Interactive warehouses are required to query interactive tables efficiently.
Explicit topic-to-table mapping¶
When you configure the snowflake.topic2table.map parameter, the connector operates in explicit mapping mode. This mode allows you to:
Map multiple Kafka topics to a single Snowflake table
Use custom table names that differ from topic names
Apply regex patterns to match multiple topics
Configuration format:
The snowflake.topic2table.map parameter accepts a comma-separated list of topic-to-table mappings in the format:
topic1:table1,topic2:table2,topic3:table3
Example configurations:
Direct topic mapping
snowflake.topic2table.map=orders:ORDER_TABLE,customers:CUSTOMER_TABLE
Regex pattern matching
snowflake.topic2table.map=.*_cat:CAT_TABLE,.*_dog:DOG_TABLE
This configuration maps all topics ending with _cat (such as orange_cat, calico_cat) to the CAT_TABLE table, and all topics ending with _dog to the DOG_TABLE table.
Many topics to one table
snowflake.topic2table.map=topic1:shared_table,topic2:shared_table,topic3:other_table
This configuration maps both topic1 and topic2 to shared_table, while topic3 maps to other_table.
Important
Regex patterns in the mapping cannot overlap. Each topic must match at most one pattern.

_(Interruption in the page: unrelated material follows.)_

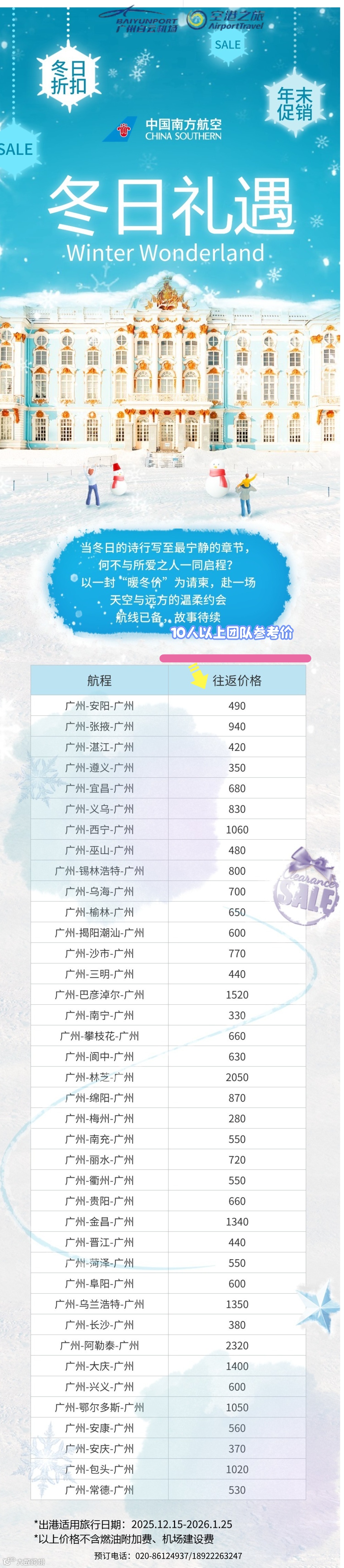 各位同事:岁末将至,正是犒赏自己、奔赴远方的好时节!空港之旅联合南航及合作单位,为您定制「南航冬日礼遇团队机票」+「贵州兴义疗休养套餐」双重福利,用“暖冬价”开启一场云端与山水的浪漫邂逅!

Table names in the mapping must be valid Snowflake identifiers with at least 2 characters, starting with a letter or underscore.
You can map multiple topics to a single table.
Legacy RECORD_CONTENT column¶
In prior versions of the connector (3.x and earlier), when the schematization feature was disabled, the connector created a destination table with two columns: RECORD_CONTENT and RECORD_METADATA. The RECORD_CONTENT column contained the entire Kafka message content in a column of type VARIANT. The RECORD_METADATA column continues to be supported but the RECORD_CONTENT column is no longer created by the connector. The same functionality can be achieved using SMT transformations (see examples later in this section). The RECORD_CONTENT key is also no longer available in PIPE transformations. For example, this PIPE definition will not work by default:
Note
This pipe definition will not work without additional SMT transformations.
CREATE PIPE ORDERS AS
COPY INTO ORDERS
FROM (
SELECT
$1:RECORD_CONTENT
FROM TABLE(DATA_SOURCE(TYPE => 'STREAMING'))
);
If you need entire Kafka message content saved to a single column, or you need a handle to the entire Kafka message content in a PIPE transformation, you can use the following SMT transformation that wraps the entire Kafka message content into your desired custom field:
transforms=wrapKafkaMessageContent
transforms.wrapKafkaMessageContent.type=org.apache.kafka.connect.transforms.HoistField$Value
transforms.wrapKafkaMessageContent.field=your_top_level_field_name
This transformation will wrap the entire Kafka message content into a custom field named your_top_level_field_name. You can then access the entire Kafka message content using the $1:your_top_level_field_name accessor in your PIPE transformation.
CREATE PIPE ORDERS AS
COPY INTO ORDERS
FROM (
SELECT
$1:your_top_level_field_name
FROM TABLE(DATA_SOURCE(TYPE => 'STREAMING'))
);
Alternatively, if you want to save both the entire metadata and content to a single table using the default pipe, do not create a custom pipe; instead, create only a table with two columns: RECORD_CONTENT and your_top_level_field_name.
CREATE TABLE ORDERS (
record_metadata VARIANT,
your_top_level_field_name VARIANT
);
To read more about the HoistField$Value transformation, see the Kafka documentation.
Warning
Saving the entire Kafka message content and metadata to a table can negatively impact your ingestion cost, pipeline speed and latency. If you need the best possible performace, consider saving only the data you need if it is accessible from the top-level of the Kafka record content, or use SMT transformations to extract the data from deeply nested fields to top-level fields.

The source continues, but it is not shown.